Brock Boeser is shaping up to be one of fantasy hockey’s top stories in 2017-18. Boeser was projected by many to reach 20 goals in his rookie season. He has managed to do that even before the Christmas break, scoring his 20th goal on Saturday. The summary of pretty much every Canucks games recently: “The Canucks lost, but Boeser scores.” If you bought on Boeser early on, congratulations. You now have a top-5 NHL goal scorer. Not rookie goal scorer. NHL goal scorer.
Here’s Boeser’s first 19 goals:
— Ryan Biech (@ryanbiech) December 24, 2017
And here’s goal number 20:
— Stephen Laidlaw (@SteveLaidlaw) December 24, 2017
A 21 percent shooting rate is high for most players. But Boeser’s ability to find position and fire his wrist shot with great accuracy should mean that his goal rate may not regress much. Boeser is already on pace to be a 40-goal scorer in an era where 40 goals is the new 50 goals.
One other Canucks’ note: Don’t start Jacob Markstrom right now. He lets in way too many soft goals. I'm not even going to bother to back that point up with statistics.
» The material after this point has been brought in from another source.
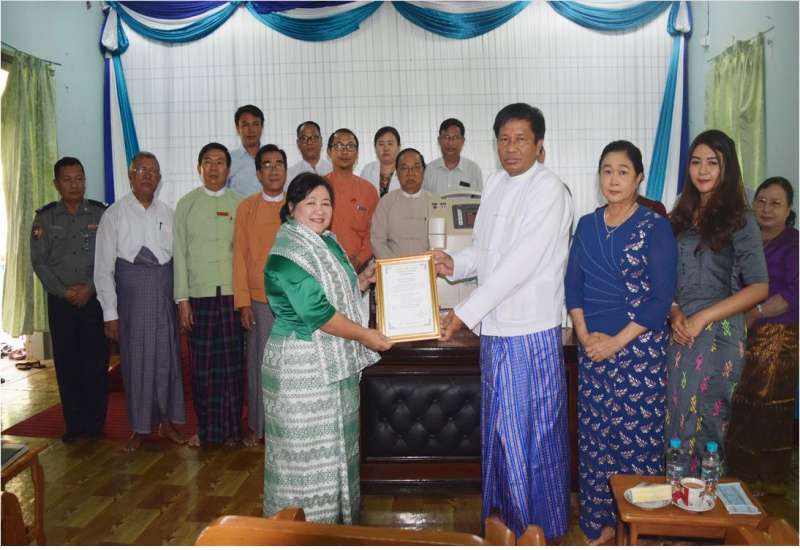 COVID-19 ရောဂါ ကာကွယ်ရေးနှင့် ကုသရေးလုပ်ငန်းများ ဆောင်ရွက်နိုင်ရန် သန်လျင်မြို့ အထွေထွေ ရောဂါကုဆေးရုံကြီးသို့ ငွေကျပ် ၁၁၁ သိန်းကျော်တန်ဖိုးရှိ ဆေးရုံသုံး ပစ္စည်း ၉ မျိုး လှူဒါန်းပွဲကို သီရိသုဓမ္မ မဏိဇောတဓရ ဦးဇော်ဝင်း(ဥက္ကဋ္ဌ၊ ဇော်ထက်ပိုင် အင်ဂျင်နီယာ နှင့် ဆောက်လုပ်ရေး ကုမ္ပဏီအုပ်စု) + ဒေါ်မိမိတင် (ချမ်းမြေ့မေတ္တာအထူးကုဆေးရုံ)၊ သမီး မအိမွန်မွန် (CEO ချမ်းမြေ့မေတ္တာ အထူးကုဆေးရုံ - သန်လျင်)တို့က ဆေးရုံအုပ်ကြီး ဒေါက်တာချိုချိုလွင်နှင့် တာဝန်ရှိသူများထံ ပေးအပ်လှူဒါန်းသည်။

The scary part about the success of the Vegas Golden Knights: They’ve done it for most of the season without their showcase player, Marc-Andre Fleury. He stopped all 26 Capitals’ shots he faced in earning his first shutout as a Knight. He’s reeled off three consecutive victories. Yes, he’s worth starting in all leagues.
In a night in which fantasy owners were gifted with plenty of shutouts, Andrei Vasilevskiy, John Gibson, and Martin Jones also earned goose eggs. Hopefully you didn’t load up on players from Minnesota, Ottawa, Pittsburgh, Washington, or Los Angeles. All of those teams were shut out on Saturday.
Finally, I’d like to take the time to wish all Dobber Hockey visitors a very Merry Christmas. Enjoy yourselves during this three-day break from hockey, and remember to do it safely. In the meantime, feel free to air your fantasy hockey grievances below.